Sharpe, Tony (2013) The Church of England : Auden’s Anglicanism. In: W. H. Auden in Context :. Cambridge University Press, pp. 79-88. ISBN 9780521196574
Full text not available from this repository.Abstract
A study of Auden and Christianity concludes that ‘American Auden is emphatically a Christian Auden’. Leaving England, he found religion; their seeming simultaneity suggests that each demonstrates the same radical severance. His expatriation and his Christianity have both been cited, by astonished critics, as reasons why his work grew worse; an opposite view argues that they brought about improvement; here, however, I want to consider the significance of the fact that, less emphatically, ‘American Auden’ was also an Anglican Auden. His was not a sudden conversion; its roots lay in the past, and the more he reflected on them later, the further back they went: if in 1956 he saw first portents in his discomfiture before the locked churches of Barcelona in 1937, by 1964 he included the experience that in 1933 had prompted ‘Summer Night’. Later stages involved his exposure to individual ‘sanctity’ on meeting Charles Williams and to collective loathsomeness, hearing the anti-Polish vociferation of German-Americans watching a Nazi propaganda newsreel. Mendelson has argued that he went to that Manhattan cinema precisely to be shocked (LA, pp. 89–90), which suggests the somewhat constructed nature of such episodes, both at the time and in retrospection.

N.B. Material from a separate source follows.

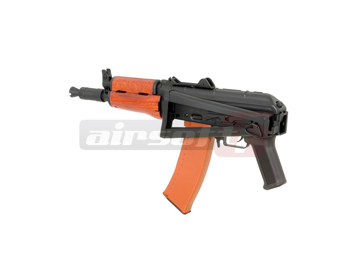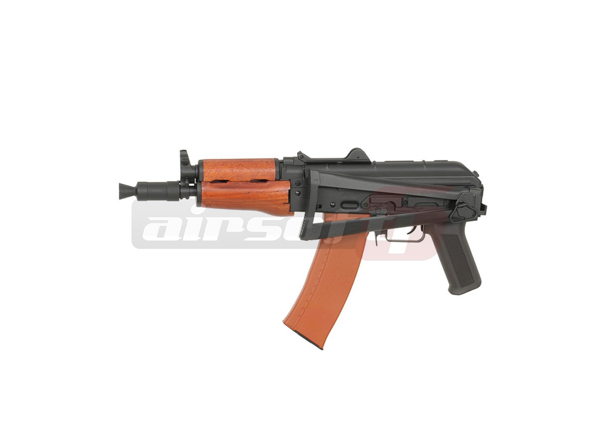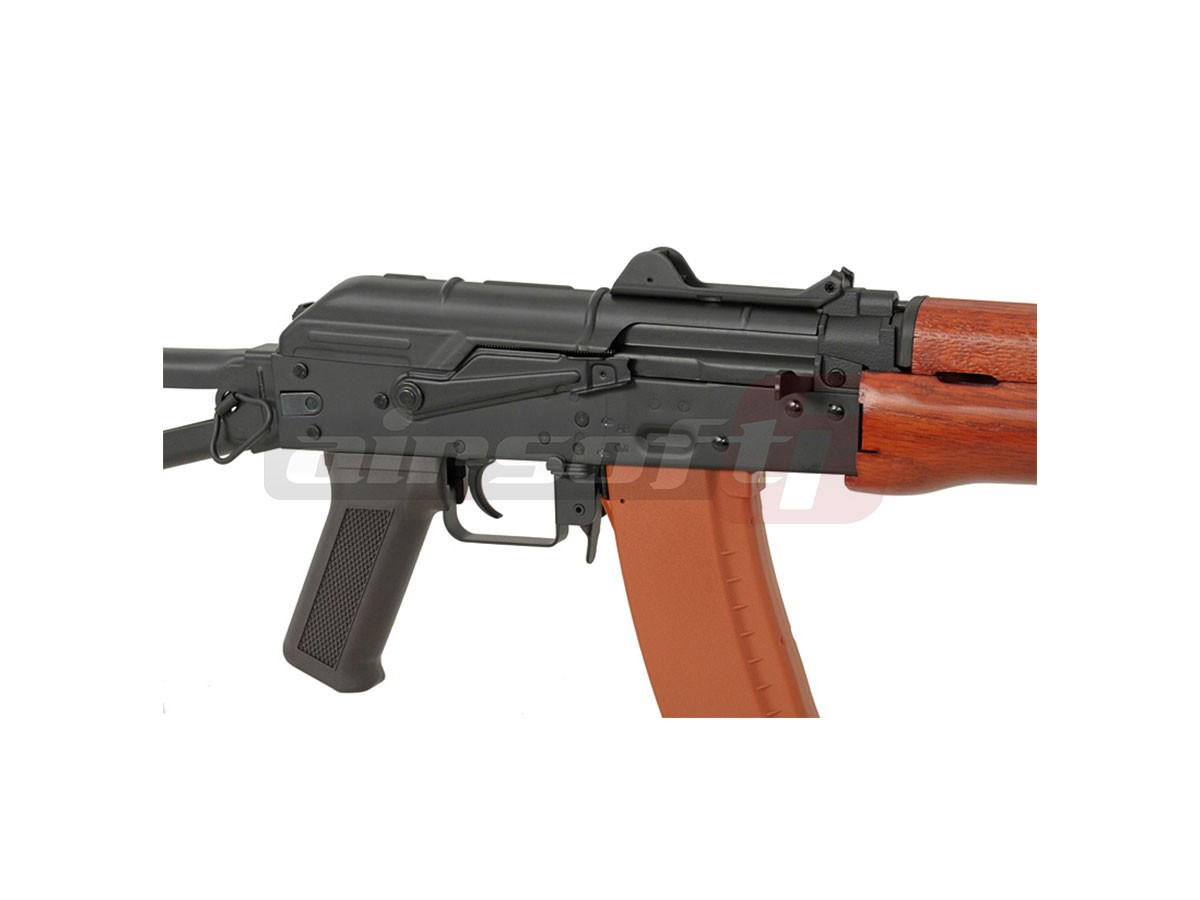 Cyma reuseste inca o data sa ne impresioneze cu designul si calitatea materialelor utilizate. Corpul este realizat din tabla presata nituita iar elementele de legatura deasemenea sunt din metal. Singurul element din plastic este Manerul, ulucul este din lemn. Capacul superior este fixat cu ajutorul unei balamale, usurand mult instalarea acumulatorului. In partea stanga a replicii de airsoft se poate observa o sina pentru montarea sinelor speciale sau direct a dispozitivelor optice specifice platformelor AK. Patul este pliabil spre stanga. Se fixeaza ferm atat exins cat si rabatat.

Although Auden recalled having drifted away from faith soon after confirmation, at thirteen, only two years later Robert Medley offended him by attacking the Church and so changed the subject to poetry; a letter to an Oxford friend on Good Friday 1927 noted lugubriously ‘Jesus died today’ (Juv, p. 187); Isherwood said he struggled to prevent Auden’s religiose tendencies from infiltrating their plays. To see all this is to appreciate what differentiated Auden’s ‘Americanness’ from his Christianity, particularly when both were chosen. Writing to his friend Professor E. R. Dodds in January 1940, he explained his expatriation as the attempt ‘to live deliberately without roots’ (AS I, p. 111) – the echo of Thoreau giving added point; but if his choice of nationality expressed severance, his religious choice had aspects of re-racination.